The Contemporary Bullfight
Watching this in the post-pandemic landscape, there’s a certain charm to its simplicity. It doesn’t try to build a "Cinematic Universe," and it doesn’t rely on snarky meta-humor that winks at the adults every five seconds. It’s just a solid, well-told story about being yourself. "It’s a movie that believes in the power of a hug over a horn-jab, which honestly feels like a radical political statement these days."
The pacing is snappy, the colors are gorgeous, and the message—that you don't have to be what the world expects you to be—is handled with a light touch. It’s an adventure that ends not with a defeated villain, but with a shared understanding.
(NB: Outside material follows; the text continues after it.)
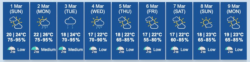 Meanwhile, a strong easterly airstream will affect the coast of Guangdong. With the easterly airstream being replaced by a humid southerly airstream, it will be warm during the day with coastal fog in the morning and at night over southern China tomorrow and on Monday (March 1).

In a world of explosions and high-stakes superhero battles, sometimes the most exciting thing you can do is sit under a tree and smell the flowers.
Ferdinand is a vibrant, big-hearted reminder of what Blue Sky Studios did best before they were absorbed into the Disney machine. It balances a classic "outcast" story with genuine Spanish flair and a voice cast that clearly had a blast. It’s not a world-altering masterpiece, but it’s a deeply pleasant way to spend two hours. If you're looking for a family film that has a bit more soul than your average talking-animal romp, this bull is definitely worth the squeeze.